ECM factoring - Page 2

rogue · 2006-10-16, 16:09

Quote:

Originally Posted by michaf

Darn :)

When I posted I did just miss the list of composites...
which ones do you have left rogue?
And to what limits ecm'd?

oh, and I noticed P+1 factors in it; did you find those with ecmnet too?
(as in, do you use an automated process, or do you pick at them by hand? If automatic, where can I grab the process?)

yet another thing, can we have a list of the 100 smallest numbers with no factors reported for Riesel & Sierpinski?

Cheers, Micha

Yes, I used ECMNet to find all of these. I will have to get back to you on how far I went with ECM/P-1/P+1. You can d/l ECMNet from my homepage (you can find it via google or in the Factoring group). I can e-mail you the ecmserver.ini file if you want to go further.
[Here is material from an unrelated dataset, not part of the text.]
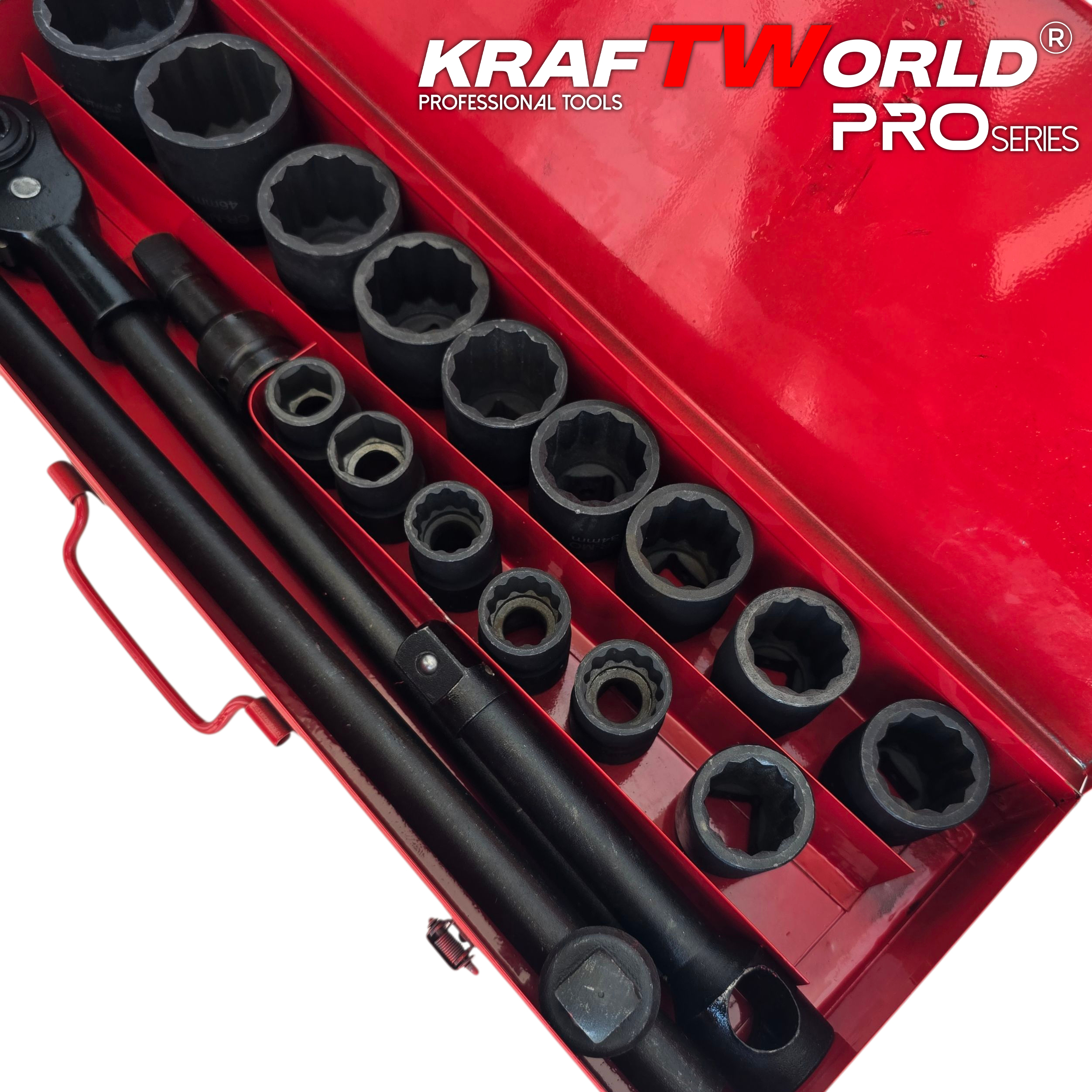 16 броя 12-стенни ударни вложки: 19, 21, 22, 23, 24, 26, 27, 28, 30, 32, 34, 36, 38, 41, 46, 50 мм
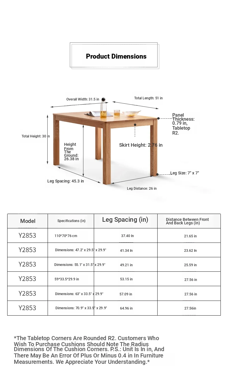 43.31in餐桌(43.31in*27.56in*29.92in)Y2853

michaf · 2006-10-16, 18:11

Ah thanks :)
I'd love to have the remaining .ini;

I'm reading up on cygwin and how to compile the source now, if I can't handle it I reckon I'll be back for you to beg for binaries as well...

I still had a very ancient version 2.5, no P+1, P-1 whatsoever... it sounds like it has evolved quite a bit :)
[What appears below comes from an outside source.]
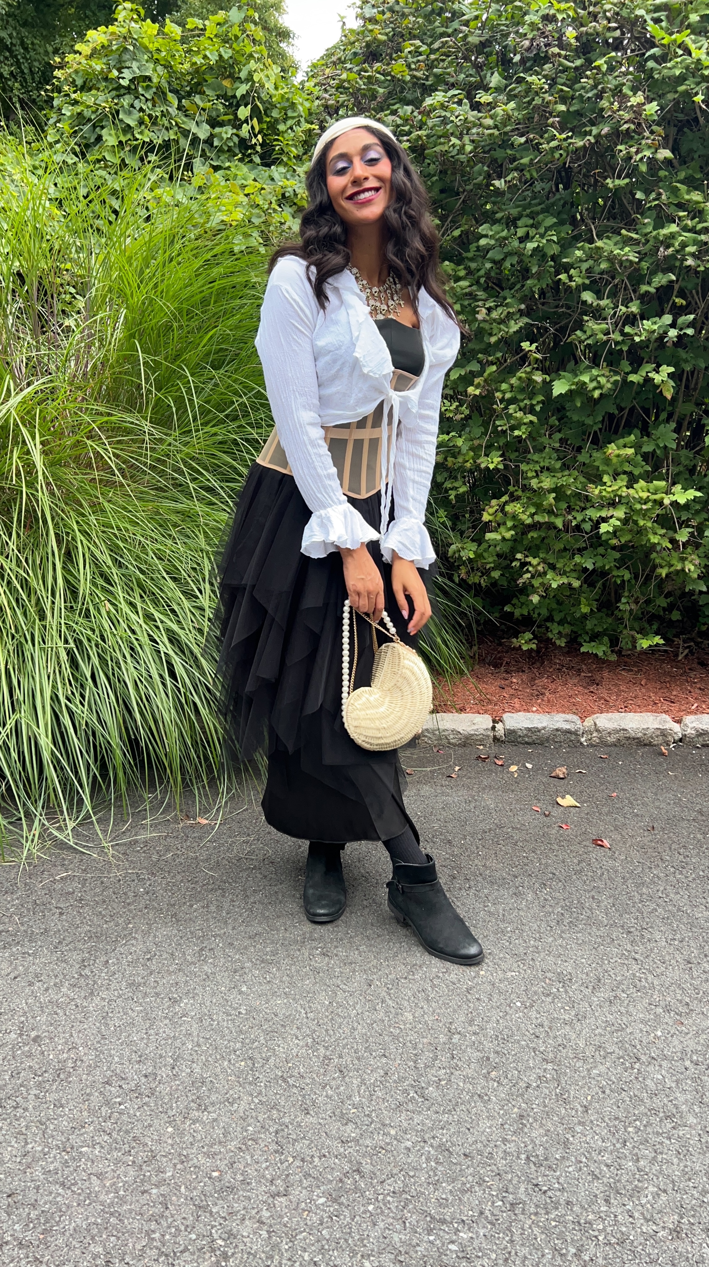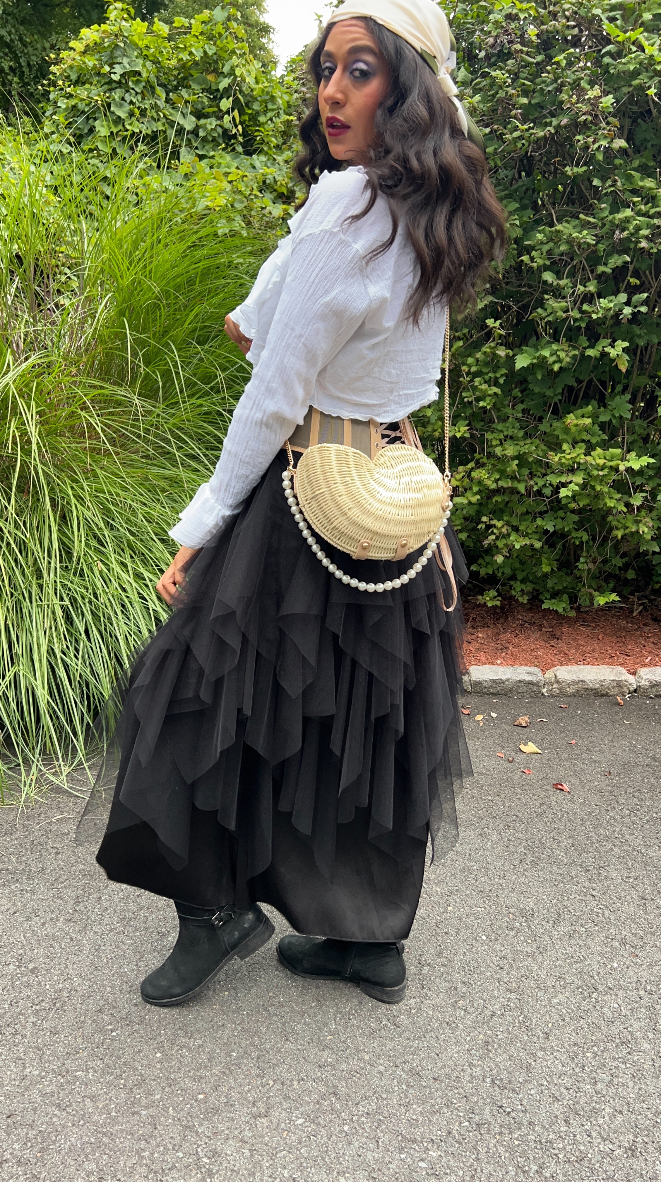 I wanted my visible accessories to be eye-catching, and opted for this giant statement necklace of rhinestone-covered skulls and crosses. Because I was going to be outside I picked a flat pair of black motorcycle boots and a pair of black kneehigh socks. And I finished off the look with the most adorable seashell shaped wicker bag that I found at T.J. Maxx!

michaf · 2006-10-16, 20:48

Compiling is way easier then I ever thought it would be :)

rogue · 2006-10-16, 21:46

Quote:

Originally Posted by michaf

Ah thanks :)
I'd love to have the remaining .ini;

I'm reading up on cygwin and how to compile the source now, if I can't handle it I reckon I'll be back for you to beg for binaries as well...

I still had a very ancient version 2.5, no P+1, P-1 whatsoever... it sounds like it has evolved quite a bit :)

PM me your e-mail for the ini file. I've done some additional work (after discovering a couple of bugs).

rogue · 2006-10-16, 23:17

Here are some new factors. I'm stopping ECM and will use msieve on some of the smaller values.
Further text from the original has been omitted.